Sitting in the cool silence of the Elizabeth Morse Genius Reading Room of the Research Archives during the July heat wave, I can see a crowd of faculty, staff, and students. Joining them this month are visiting scholars from Austria, Egypt, Israel, and Italy, as well as colleagues from California, Colorado, Maryland, and Tennessee. All of them are here to work with the resources of the Research Archives: many of them come each summer. This is the second year they can work here in comfort.

We have made great progress this year with two important and related projects. Firstly, the reconfiguration of the collections is essentially complete. The map room on the upper level is in place and functional (with great strides having also been made towards the cataloging of the map collection [see the statistics below]). The pamphlet collection has been moved to the upper level and the quickly growing bibliography section (at the base of the stairway) is now established, while the monographs (in the new wing) and series (in the reading room) are now thoroughly sorted. Secondly, the winter months saw the successful completion of the raising of the matching funds for the renovation of the Morse Genius Reading Room. As a consequence of the diligent work of the Development Office staff and the generosity of donors we have exceeded the goal of $84,800.00, successfully meeting the challenge presented to us by the Elizabeth Morse and Elizabeth Morse Genius Charitable Trusts. Those trusts have matched our funds with $70,000 as promised. More than ninety donors contributed to the achievement of this goal, including many members of the scholarly community (many of whom are alumni). The response has been extraordinarily gratifying to me, and testifies to the esteem in which the Research Archives is held among those groups.

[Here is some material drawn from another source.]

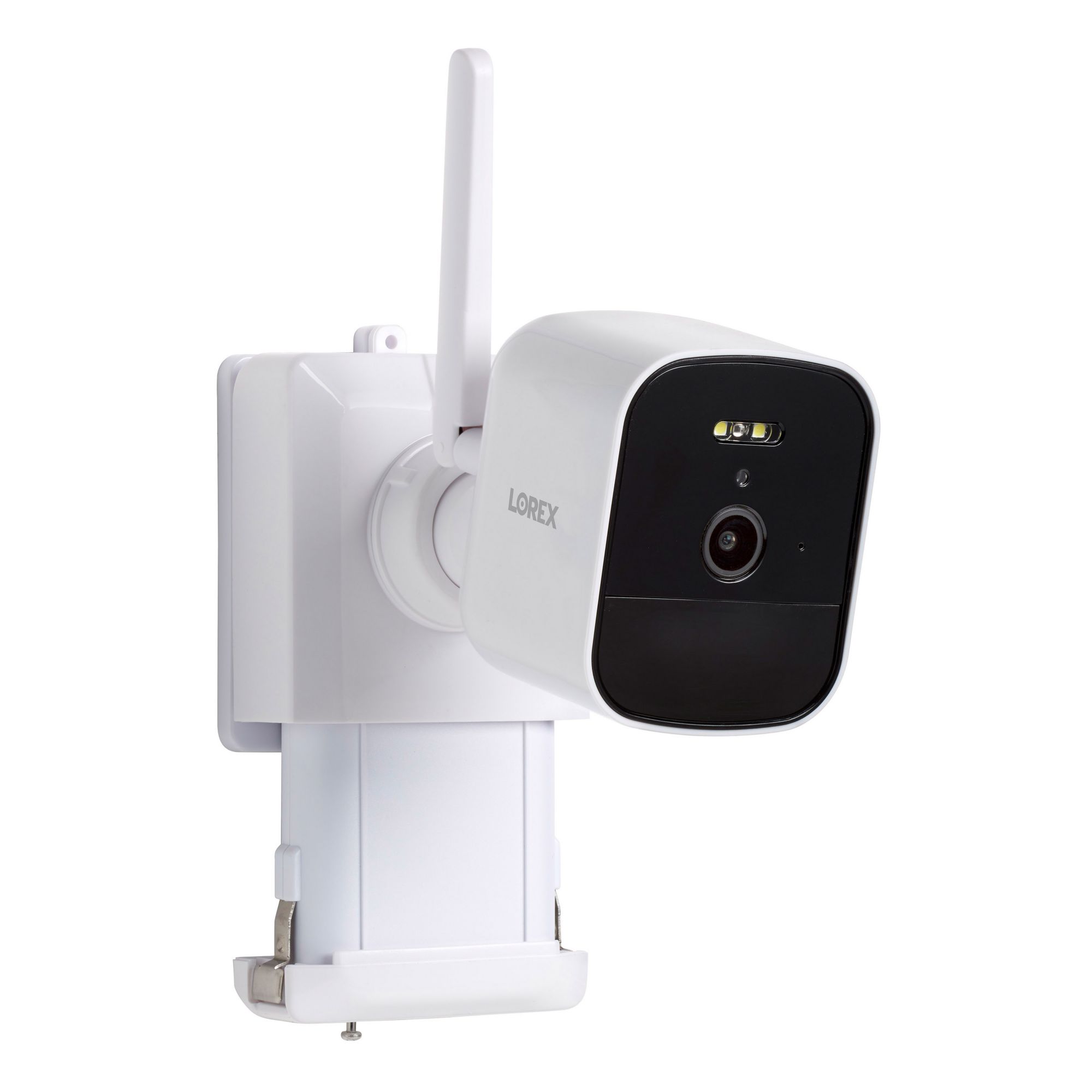Includes 4k battery camera, three-cell batteries, camera power supply, mounting brackets, fastener screw, four mounting anchors and screws
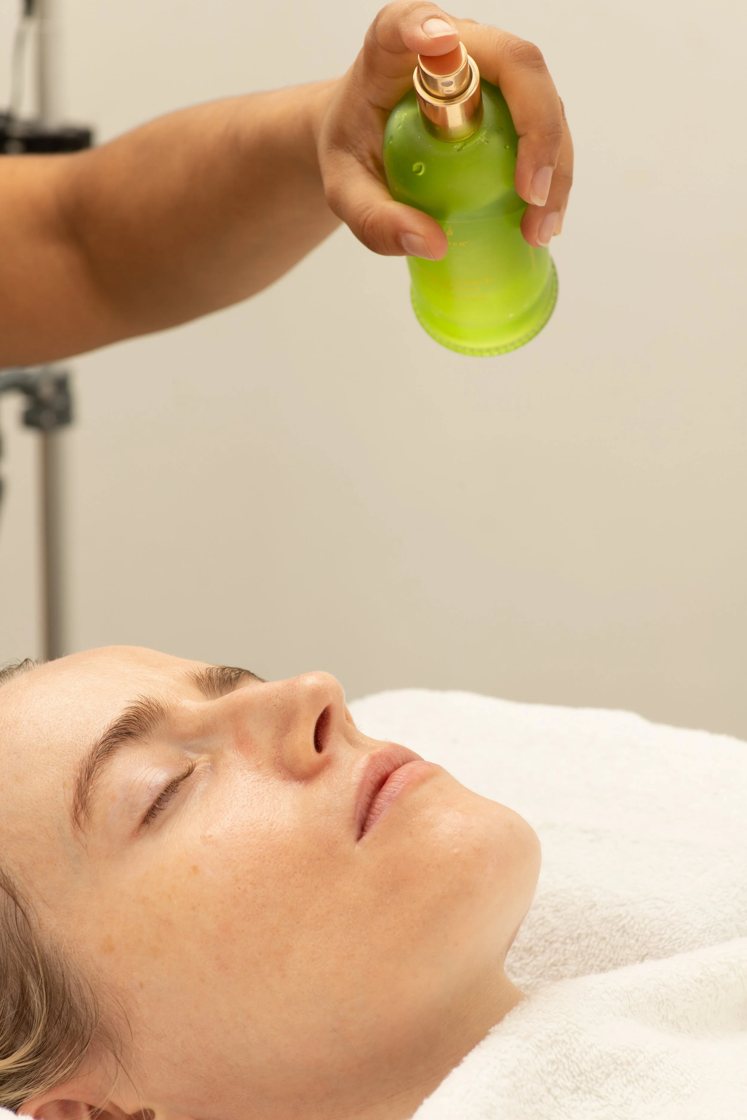 Electrical treatment bed, Hot Cabby for facial towels, Glamcor Lighting, Videography help and direction, Drinks Fridge, Coffee Machine, Couch Roll, Treatment Trolley

At the time of writing we are now nearly ready to begin work on the project, and fully expect to have the construction complete by the end of September in time for the beginning of the Autumn Quarter. The plans for the project include replacement of the original lighting in the reading room, establishment of power and internet connections at each of the tables in the reading room, and replacement of the cork flooring. Once these improvements are complete, the library will again be "the most beautiful room in the building."

On-line Catalog and Retrospective Cataloging Project

The on-line catalog of the holdings of the Research Archives now includes 84,640 records. It is up-to-date for all materials acquired through the end of May 1999. More than twenty-seven hundred records have been added to the database during the past year. With the help of our software supplier, we have now converted the database to the most recent version of the software and have the hardware and software poised to make the catalog fully accessible over the internet. As the summer progresses, we will, with the help of John Sanders and the Computer Laboratory, have this new version up and running on an independent Research Archives web server. With this development, the catalog will be accessible world-wide, and its role as a research tool will consequently change in interesting ways. It will be a stimulating challenge to observe and adapt to these changes, and I look forward to communicating with the larger academic community that will have access to the catalog for the first time.

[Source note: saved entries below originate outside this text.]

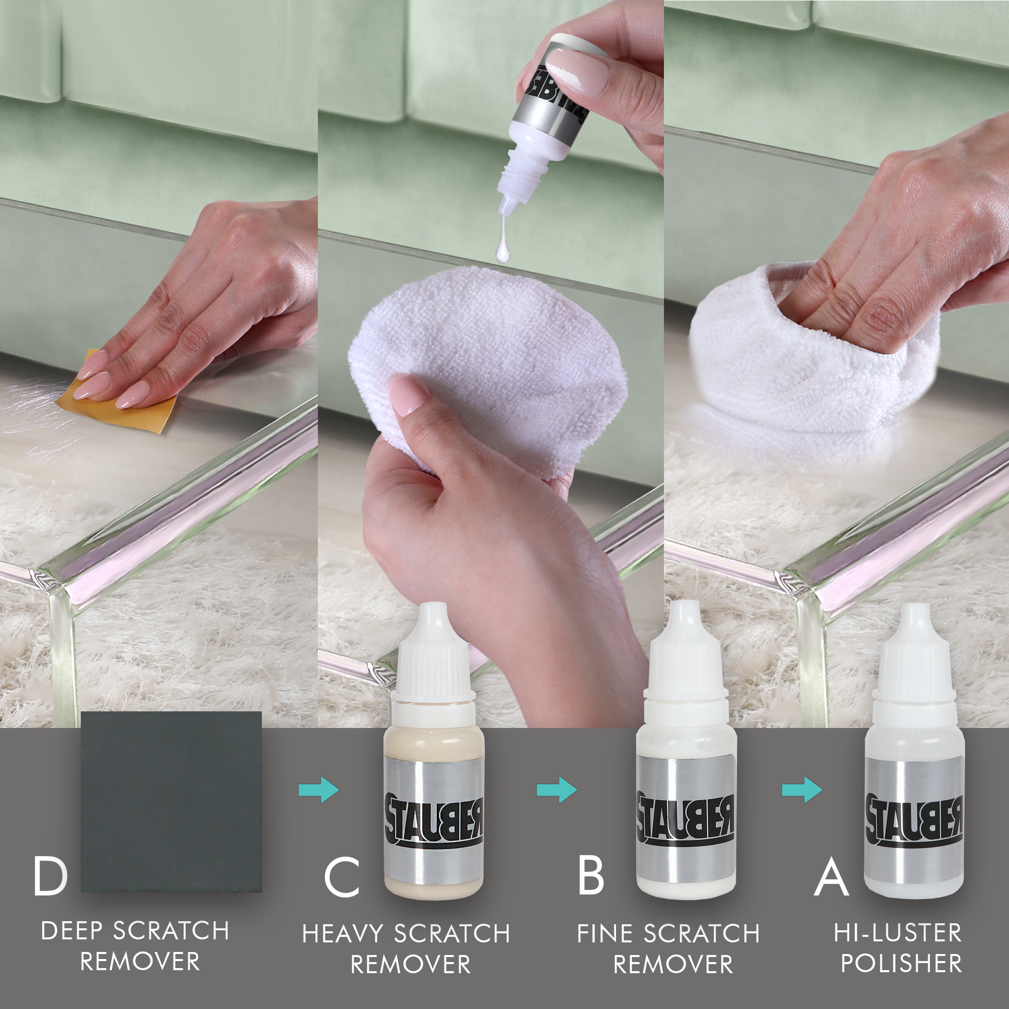 Erase light scratches with the Fine or Heavy scratch remover paste. For, deeper scratches, use the Deep Scratch Remover. Always follow up with Fine and Hi-Luster to achieve that perfect mirror shine!
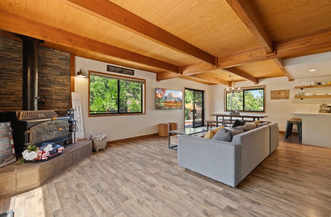 Our Cabin is a perfect mountain get away. Whether you're visiting nearby Twain Harte Lake, Pinecrest, Yosemite or just wanting to relax & enjoy sitting on the back deck with a glass of wine; You'll find our home a very relaxing and quiet stay with a short 4 min walk to town! In the winters enjoy a wood burning fire place and watch the snow fall in the big picturesque front windows & tall open beamed ceiling. Firewood not included. Located in a quiet neighborhood to decompress from the hustle
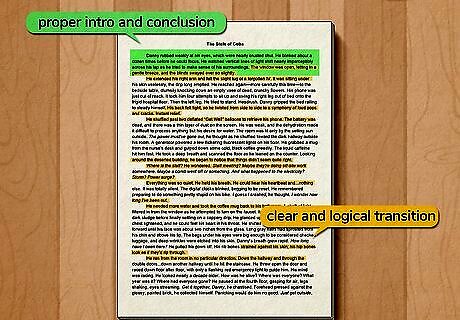 Work on the structure. If you're writing a scholarly submission, you'll need a proper introduction and conclusion. If the manuscript is a creative work, it will need a compelling beginning and a strong ending. And on a page-by-page level, the entirety of the manuscript should be arranged with a clear and logical progression that leads the reader naturally from the beginning to the end. Look for transitions that guide the reader from one paragraph to the next. If your transitions are weak or lacking altogether, compose a sentence or two that will serve as a transition to the next paragraph. When you were reading through your manuscript, did you find yourself losing interest at any point in the middle of the work? If so, perhaps you need to restructure the body of the manuscript. You may have loaded all the strong sections at the beginning and ending and forgotten to focus on the body of the piece. Rewrite these sections as needed.
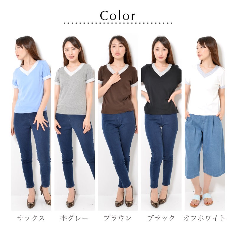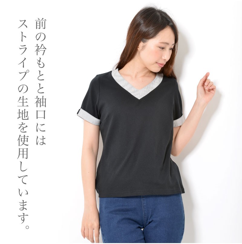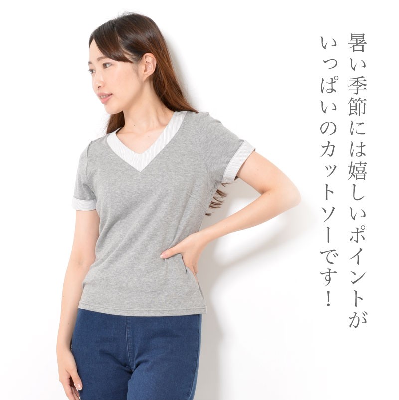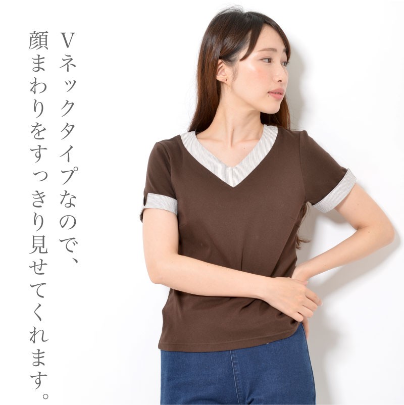 Vネックタイプなので、顔まわりをすっきり見せてくれます。
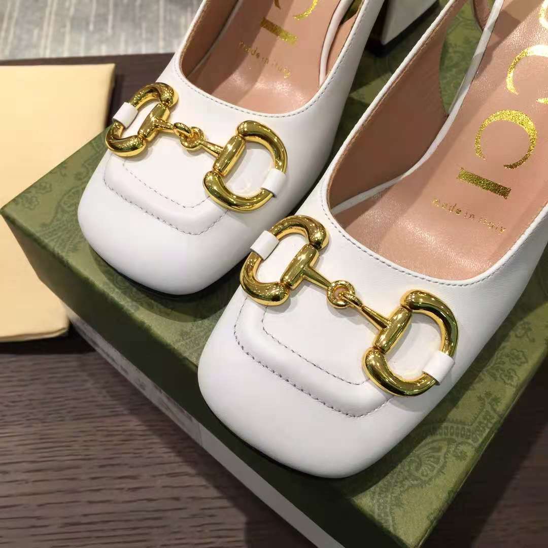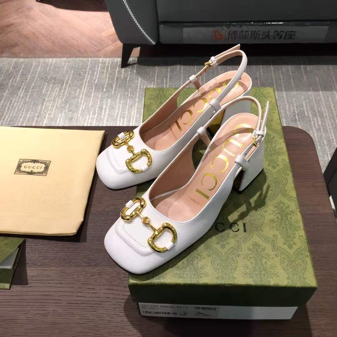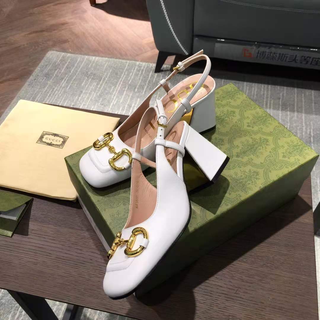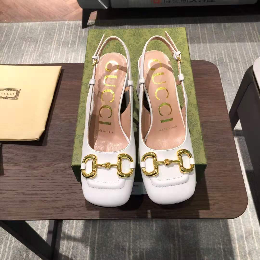 Home Shop Shoes Gucci Shoes Gucci Women?S Mid Heel Slingback With Horsebit White ?643892 C9D00 9022

Complete, and in the final stages of editing preparatory to loading into the on-line catalog, are analytical records for each essay, article, and review in the following periodicals:

Item Number of Records
Annales du Service des antiquités de l'Égypte 1,830
Oriens Antiquus 1,083
Semitica (volumes) 409
Tel Aviv 247
Zeitschrift der Deutschen morgenländischen Gesellschaft 1,404
Zeitschrift des Deutschen Palästina Vereins 2,181
Zeitschrift für die alttestamentliche Wissenschaft 1,106
Map collection 3,455
Total of records in retrospective cataloging project 11,715

In addition, we have processed 8,659 analytical records from material acquired during the past year, giving us a grand total of 20,374 analytical records prepared during 1998/99 for entry into the on-line catalog.


The Research Archives published or revised eight electronic items during the past year:

  1. Abzu: Guide to Resources for the Study of the Ancient Near East Available on the Internet, by Charles E. Jones. Chicago: Oriental Institute Research Archives, 1994-1998. Oriental Institute Research Archives Bibliographical and Informational Documents: Supplements to Oriental Institute Research Archives Acquisitions List, volume 3. Available exclusively on-line.


    With more than 750 new entries in the past year, Abzu remains the most complete index to on-line materials relating to the ancient Near East.

  2. Search the Oriental Institute Web space.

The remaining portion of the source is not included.